This script allows you to set environment-specific values in an optional env.sh file. By configuring these variables, you can customize connections and defaults for Elasticsearch, Kibana, and OpenSearch.

Configurable Variables in env.sh

To set up environment-specific values, create an env.sh file in the root directory with the following variables. Variables starting with # are optional and can be uncommented as needed.

Elasticsearch Configuration

  • ES_HOST: Elasticsearch host (default: https://es.la.local:9200).
  • KB_HOST: Kibana host (default: https://kb.la.local:5601).
  • ES_USER: Elasticsearch username (default: elastic).
  • ES_PASS: Elasticsearch password (default: elastic).
  • ES_SSL: Enable SSL for Elasticsearch (default: true).
  • ES_CA_FILE: Path to the Elasticsearch CA file.

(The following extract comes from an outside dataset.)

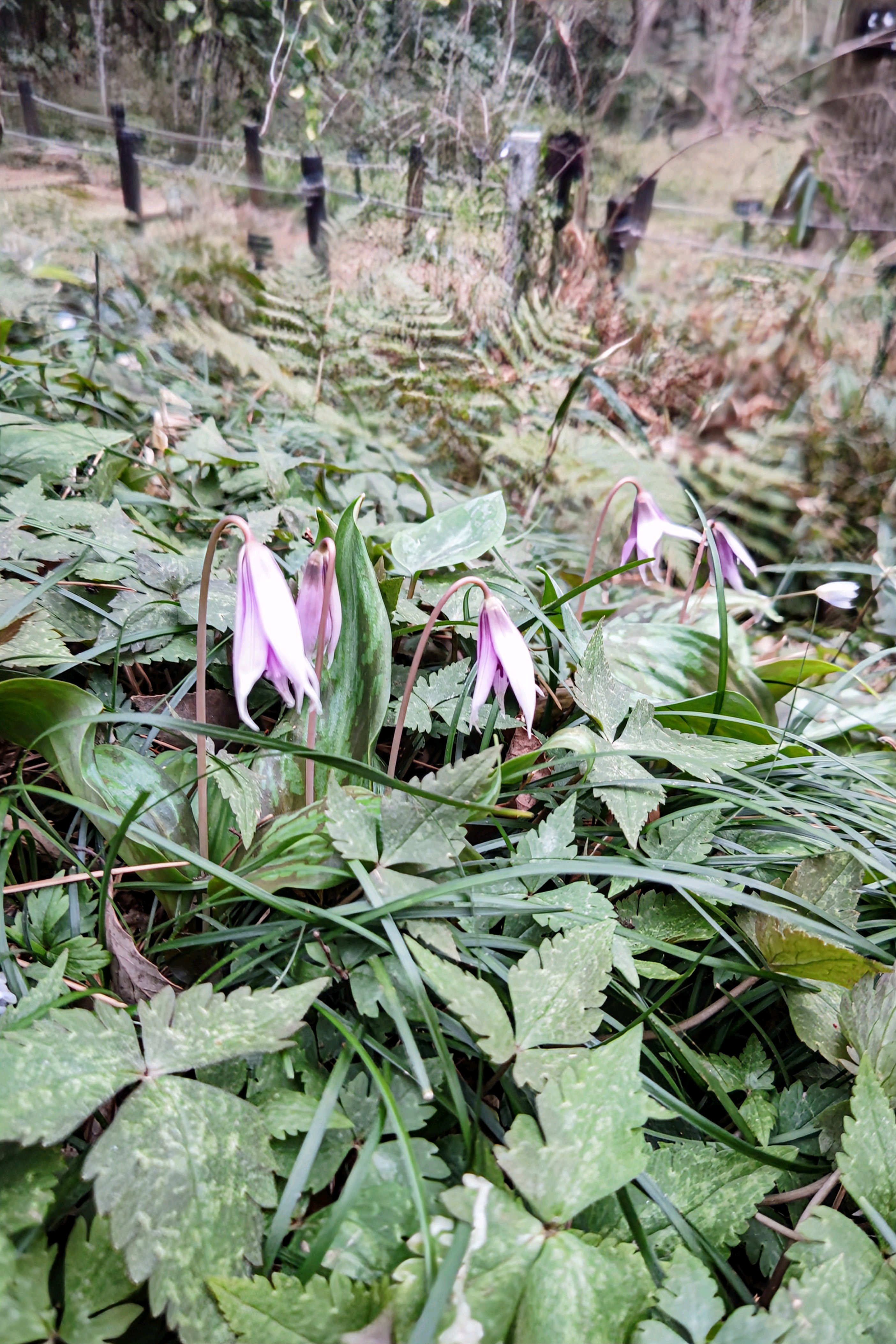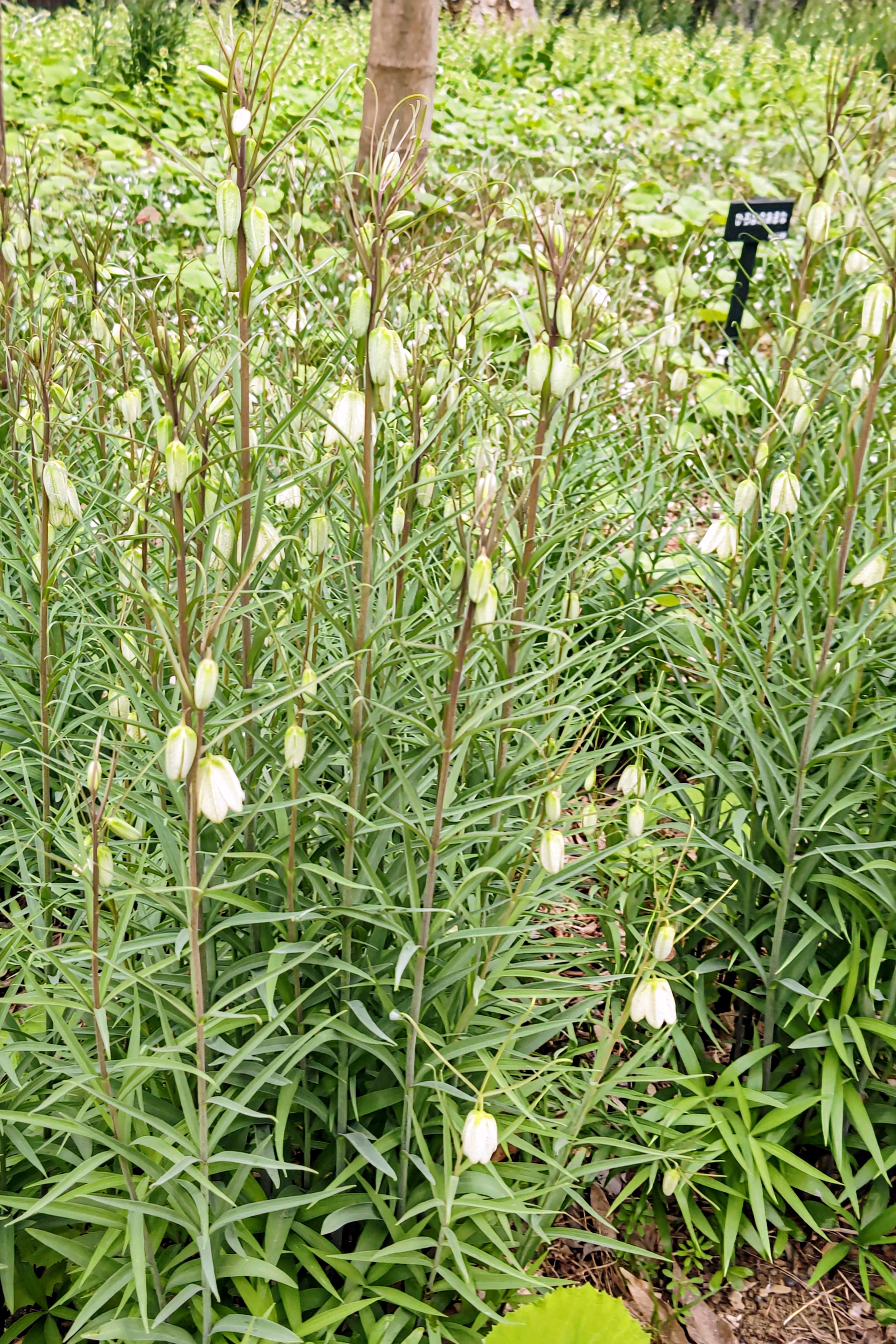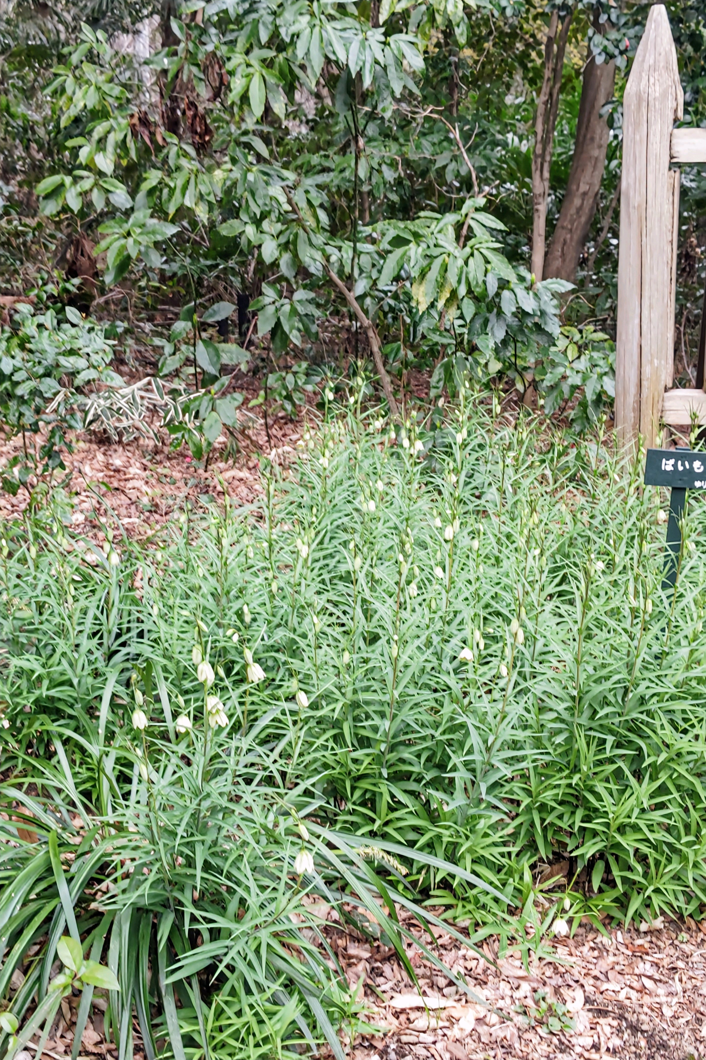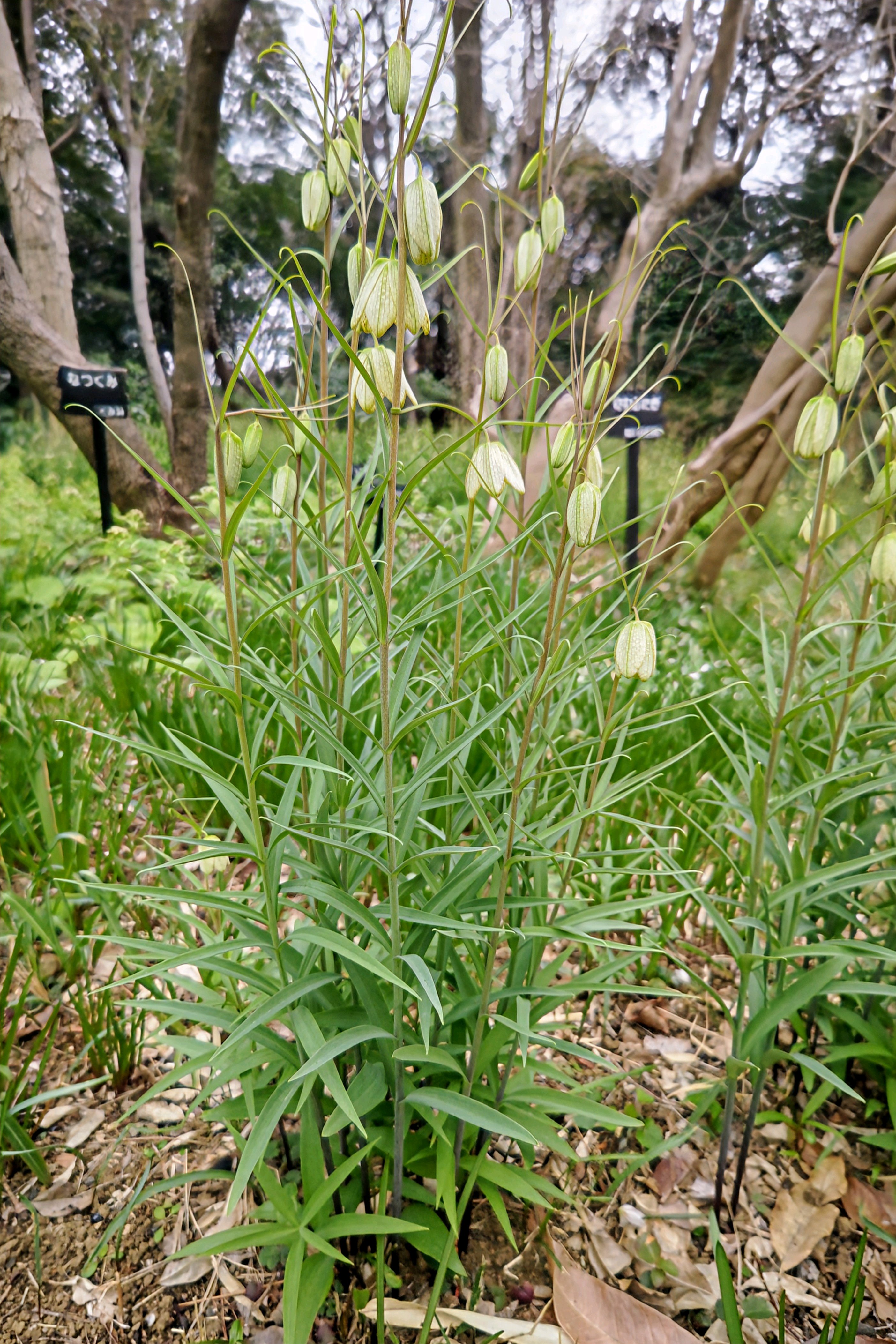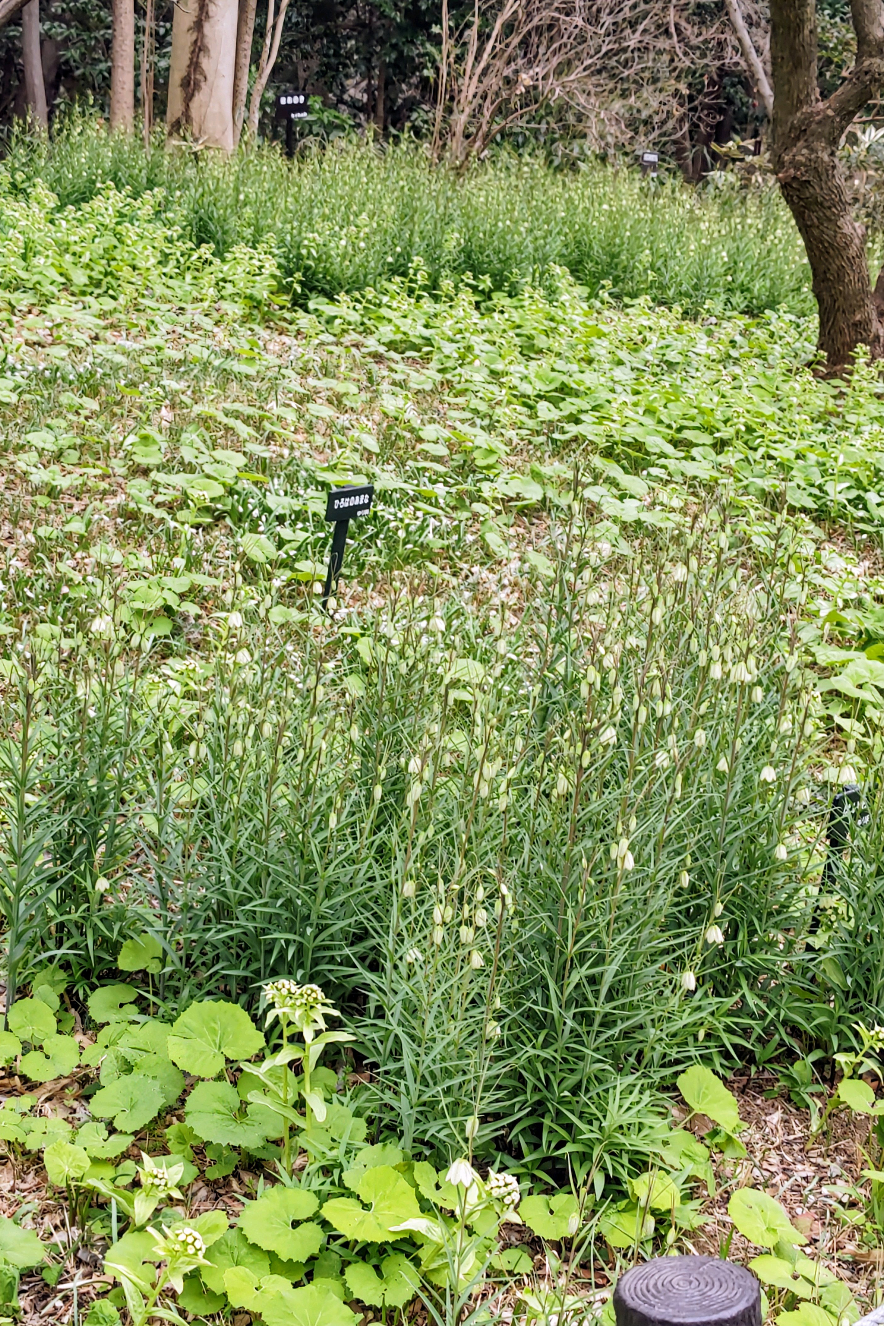 入ってすぐの路傍植物園に脚を進めるとすぐにバイモユリの群生。

Uncomment and set if needed for SSL verification (default: none).
  • ES_BATCH_SIZE: Number of documents allowed to transfer in a single batch (default: 2000).

Kibana Configuration

  • DATAVIEW_API_INSECURE: Disable SSL verification for Kibana API requests (default: true).

OpenSearch Configuration

  • OS_HOST: OpenSearch host (default: https://os.la.local:9200).
  • OS_USER: OpenSearch username (default: admin).
  • OS_PASS: OpenSearch password (default: admin).
  • OS_SSL: Enable SSL for OpenSearch (default: true).
  • OS_CA_FILE: Path to the OpenSearch CA file. Uncomment and set if needed for SSL verification (default: none).
  • OS_SSL_CERT_VERIFY: Enable or disable SSL certificate verification for OpenSearch (default: false).

Migration Configuration

  • CONCURRENCY: Number of parallel Logstash instances to process indices. (default: 4).
  • EXCLUDE_PATTERNS: Comma-separated list of index patterns to exclude from migration (default: none).
  • INCLUDE_ONLY_PATTERNS: Comma-separated list of index patterns to only include in migration, all other indices will be skipped (default: none).

Optional Settings

  • LS_BATCH_SIZE: Size of batches the Logstash pipeline is to work in. (default: 125).
  • LS_JAVA_OPTS: JVM options for Logstash. Uncomment and set if custom JVM settings are needed (default: none).
  • CONFIG_CLEANUP: Enable cleanup of Logstash configuration files after processing (default: false).
  • DEBUG: Enable debug output for detailed logs (default: false).

Output Directory

  • OUTPUT_DIR: Directory to store output files, including logs and reports (default: ./output_files).

Example env.sh

#!/bin/bash

# Elasticsearch Configuration
ES_HOST="https://es.la.local:9200"
KB_HOST="https://kb.la.local:5601"
ES_USER="elastic"
ES_PASS="elastic"
ES_SSL=true
# ES_CA_FILE="/path/to/elasticsearch-ca.pem"
ES_BATCH_SIZE=2000

# Kibana Configuration
DATAVIEW_API_INSECURE=true

# OpenSearch Configuration
OS_HOST="https://os.la.local:9200"
OS_USER="admin"
OS_PASS="admin"
OS_SSL=true
# OS_CA_FILE="/path/to/opensearch-ca.pem"
OS_SSL_CERT_VERIFY=false

# Migration Configuration
CONCURRENCY=4
CONFIG_CLEANUP=false
DEBUG=false
EXCLUDE_PATTERNS=""
INCLUDE_ONLY_PATTERNS=""
LS_BATCH_SIZE=300
LS_JAVA_OPTS="-Xms3g -Xmx3g"

# Output Directory
OUTPUT_DIR="./output_files"

Other Configurable Settings in es2os.sh

  • Automatic Setup: The script includes a setup function to install required applications and dependencies, simplifying the initial configuration.
  • Migration Report: A detailed report file is generated during the migration process to track the status of each data view and index. The report includes:
    • ID
    • Data View name
    • Index Pattern
    • Status (e.g., Unprocessed, InProgress, Done, Failed)

File Structure

  • es2os.sh: Main script for data view migration.
  • utilities/: Directory containing utilities.
  • output_files/: Directory containing generated files:
    • dashboards/: Contains exported dashboards.
      • dashboards.json: Fetched dashboards.
    • datadiews/:
      • indices/: Directory for index-related data.
        • dataviews_migration_report.csv: Report tracking index migration status.
      • dataviews.json: Fetched data views.
      • dataviews_migration_report.csv: Report tracking data view migration status.
    • logsrash/: Directory for generated Logstash configuration files.
    • logs/: Directory for storing log files.
      • current.log: Tracks the latest migration session in real time.
      • YYYY-MM-DD-HH-MM-SS.log: Timestamped logs for each migration session, preserving historical logs.

Utilities

The Utilities contains small programs designed to support and enhance the functionality of this project. These utilities provide specialized features that simplify common tasks, automate processes, and improve the overall user experience.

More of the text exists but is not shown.